Im Spiel gegen Portugal läuft die 58. Minute. Es steht 2:1 für den amtierenden Europameister. Da lässt sich der tunesische Torhüter Mouez Hassen auf dem Platz behandeln. Eine Verletzung kurz vor der WM? Mitnichten! Während der Goalie von der tunesischen Medizinabteilung gepflegt wird, begeben sich die Spieler zur Trainerbank - und essen Datteln und trinken Wasser. Denn genau in jener 58. Spielminute geht die Sonne an diesem Tag unter. Somit dürfen die muslimischen Spieler wieder Nahrung zu sich nehmen. Die gestärkten Tunesier erzielen in der Folge noch den Ausgleich. Es war also eine Verletzung zum richtigen Zeitpunkt. Zufall?

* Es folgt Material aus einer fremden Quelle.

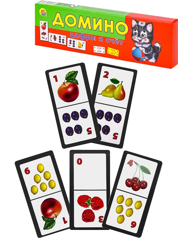 | Игра настольная развивающая Домино детское пласт (РЫЖИЙ КОТ) Цифры и счет (картонная упаковка)  Популярная игра, созданная специально для малышей с использованием ярких и красочных картинок. Способствует развитию памяти, внимания, мелкой моторики рук. Предназначено для 2-4 игроков от 3-х лет. |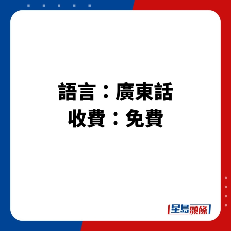 時間:星期二11:30am - 12:30pm、02:30am - 03:30pm;星期六11:30am - 12:30pm、02:30am - 03:30pm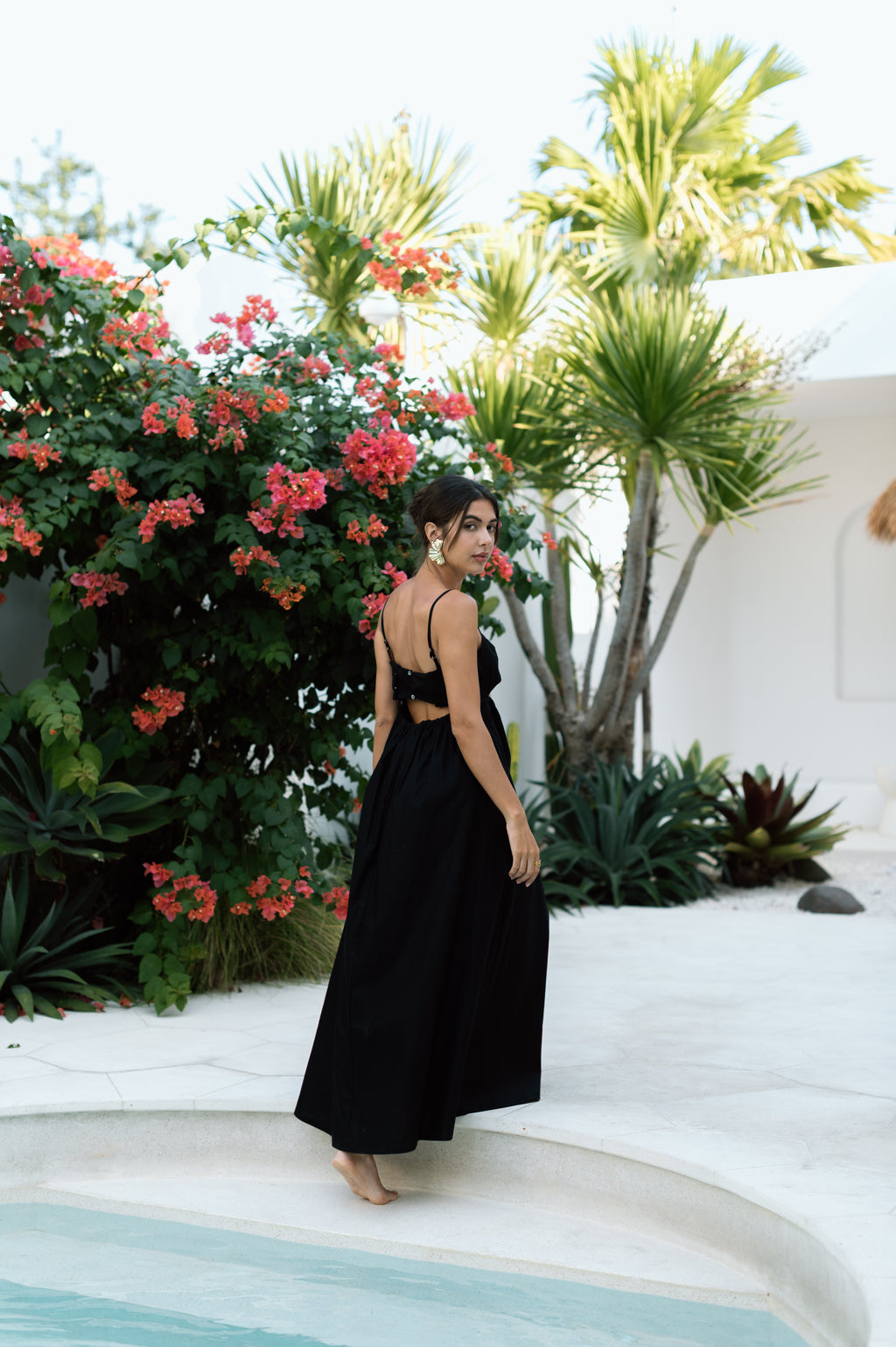 Defined by slim straps and a bold waist reveal, this dress sculpts the bodice before releasing into a flowing skirt. The contrast of structure and softness creates a silhouette that is striking yet effortless in movement.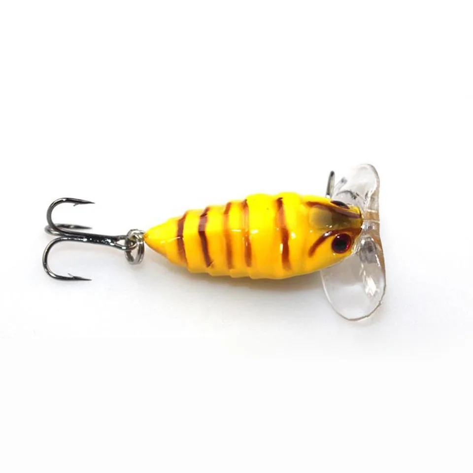 GoByGo 1 шт. 4 см, 4,2 г, Цикада, Поппер, рыболовная искусственная кожа, 3D глаза, жесткая плавающая приманка, крючок, снасть, Реалистичная воблер, приманка для рыбы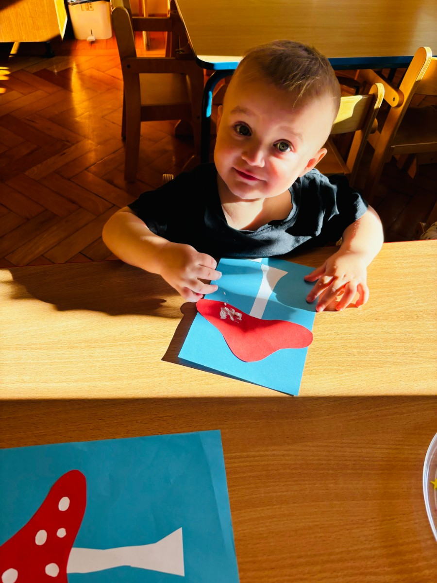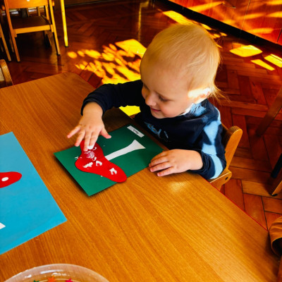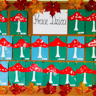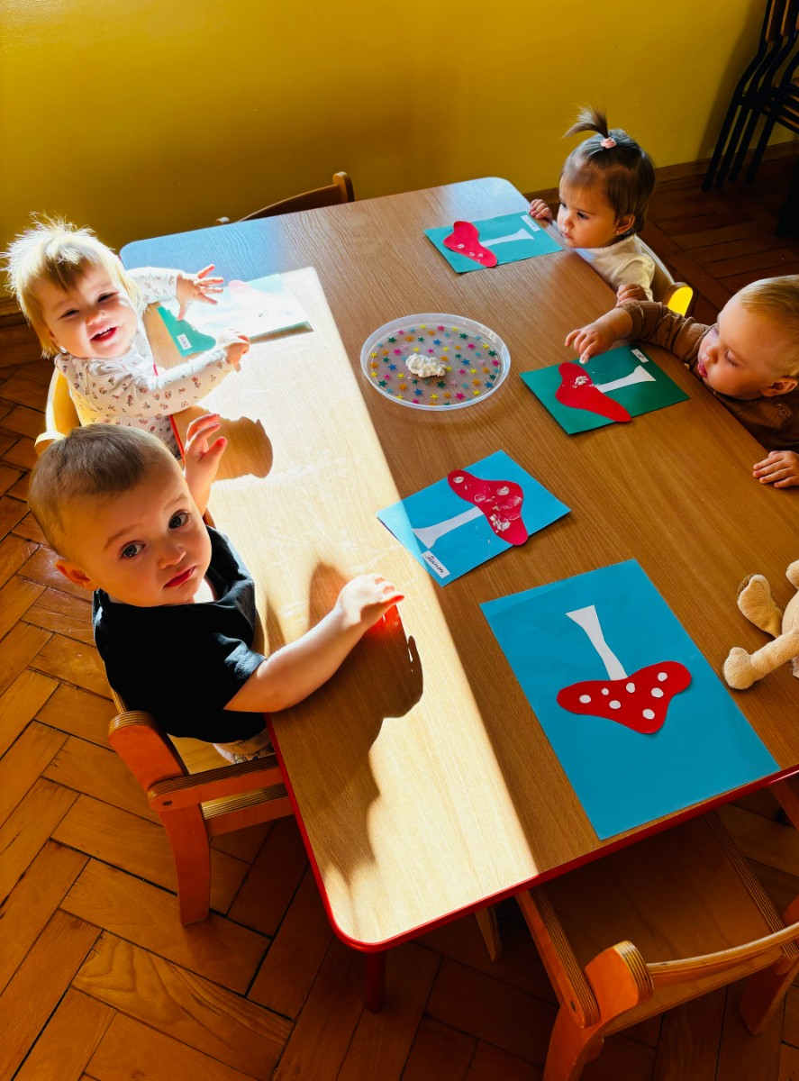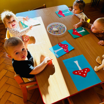 Maluszki malowały paluszkami kropeczki na kapeluszu muchomora . Praca plastyczną miała na celu doskonalenie sprawności manualnych .

Ein bewährtes Mittel funktioniert immer

Dass es sich bei der vorgetäuschten Verletzung um keinen Zufall gehandelt hat, zeigt sich wenige Tage später beim nächsten WM-Test der Tunesier gegen die Türkei. Dieses Mal läuft die 49. Minute, als sich Goalie Hassen nach einem harmlosen hohen Ball auf den Rasen legt. Welch ein Glück, dass kurz zuvor die Sonne untergegangen ist. Somit können sich die Spieler erneut mit Datteln und Wasser stärken, um wieder zu Kräften zu kommen.

Steht es vor der «Verletzung» Hassens noch 1:0 für die Türken, geht Tunesien bis zur 79. Minute in Führung. Erst ein Tor in der 90. Minute zum 2:2 rettet die Türkei vor einer Niederlage gegen die gewieften Tunesier. Trotzdem: Wie schon in der Partie gegen Portugal erstarken die Nordafrikaner nach der zusätzlichen Pause. In einem Tweet lässt Goalie Hassen zudem durchblicken, dass er die Verletzungen nur vorgetäuscht hat. Übersetzt schrieb er: «Ich hatte schlimme Schmerzen», gefolgt von lachenden Emojis.

Später Anpfiff gegen Spanien

Das nächste Spiel bestreitet Tunesien am Samstag, 9. Juni, gegen Spanien im russischen Krasnodar. Glück für die Tunesier: Anpfiff der Partie ist um 21:45 Uhr Ortszeit - bis dahin ist die Sonne bereits seit knapp zwei Stunden untergegangen. Der Ramadan dauert übrigens bis zum 16. Juni. Zwei Tage später bestreitet Tunesien sein erstes WM-Spiel gegen England.